Would someone explain to me how to  put together a workflow that extracts sentences containing a keyword? I am fairly new to Knime so I am not to sure how to create one yet. 

Thanks!

Hello Jay,

you can first identify the keywords e.g. using the Topic Extrctor node or filter based on TFIDF scores. Then use the Sentence Extractor node to extract all sentences from documens. The sentences will be extracted as strings. Now use the extracted keywords as dictionary / filter to filter the sentence strings.

I hope this helps.

For more information about the KNIME Textprocessing extension see:
https://tech.knime.org/knime-text-processing

To get started have a look at the online documentation or the Introduction to the KNIME Textprocessing feature:
https://tech.knime.org/documentation-3
https://tech.knime.org/files/knime_text_processing_introduction_technical_report_120515.pdf

Cheers, Kilian

Hello k_jay,

I assume you successfully imported some data into KNIME. Now, you could use the 'Strings To Document' node to create documents. Within documents, terms and sentences are tokenized. To get the information which tokens exist in the data, there are the 'Bag of Words creator' node and the 'Sentence Extractor' node. The first one creates a 'list' of all terms occuring in the document. The second node extracts all sentences and returns them in a seperate rows. So in your case, you could use the 'Sentence Extractor' and use the 'Row Filter' afterwards. With help of the 'Row Filter' you can include only rows in the output table that contain your specific key word within each sentence.

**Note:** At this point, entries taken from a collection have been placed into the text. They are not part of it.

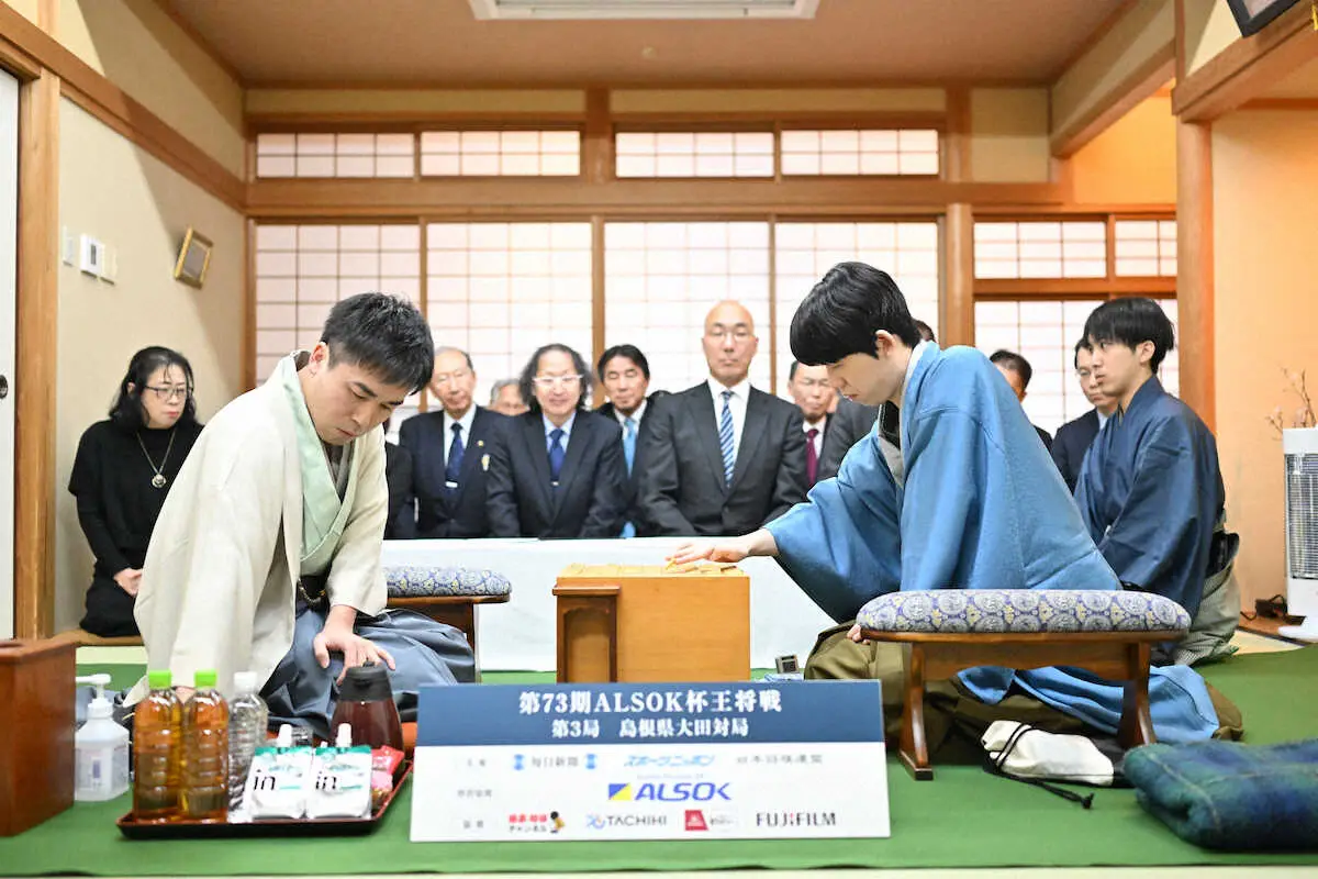 将棋の藤井聡太王将(21)=8冠=に菅井竜也八段(31)が挑戦する第73期ALSOK杯王将戦(スポーツニッポン新聞社、毎日新聞社主催)7番勝負第3局が27日午前9時、島根県大田市の「さんべ荘」で始まった。
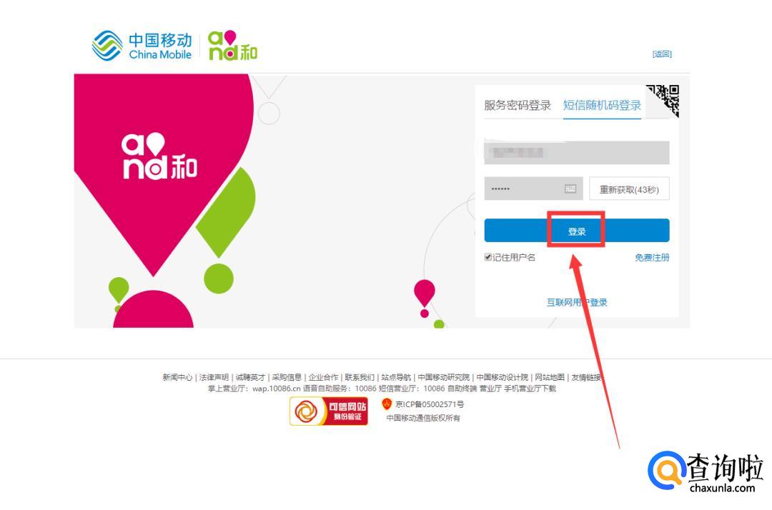 然后我们输入自己的手机号码,等待一会儿输入自己的短信验证码,然后点击记住用户名前的方框,最后点击【登录】。
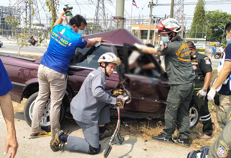 พ.ต.ท.กมล คิดอ่าน สว.(สอบสวน) สภ.เมืองลำปาง พร้อมด้วย จนท.กู้ชีพ.รพ.ค่ายสุรศักดิ์มนตรี และ จนท.สมาคมกู้ภัยลำปาง นำเครื่องมือตัดถ่าง รุดไปยัง ที่เกิดเหตุ บริเวณตรงข้ามโรงไฟฟ้าย่อยปงวัง บ้านปงวัง ถ.ลำปาง-งาว (ขาเข้าเมือง) ต.พิชัย อ.เมืองลำปาง จ.ลำปาง หลังรับแจ้งว่า มีรถยนต์เก๋ง เสียหลักฟาดชนกับเสาไฟฟ้า มีคนเจ็บสาหัส เป็นหญิง 1 ราย

I uploaded a small workflow for you.

Best wishes,

Julian 

Hi Kilian / Julian,

I am new to KNIME and trying to categorize/group a column of text (see attached csv). For example, row 4, 5, 6, 13 are 'price' related. Row 11 is price related as well but the exact word is not there. I have tried Topic Extractor (attached); however, I think my configuration is too simple.

I would highly appreciate any assistance please.

Syed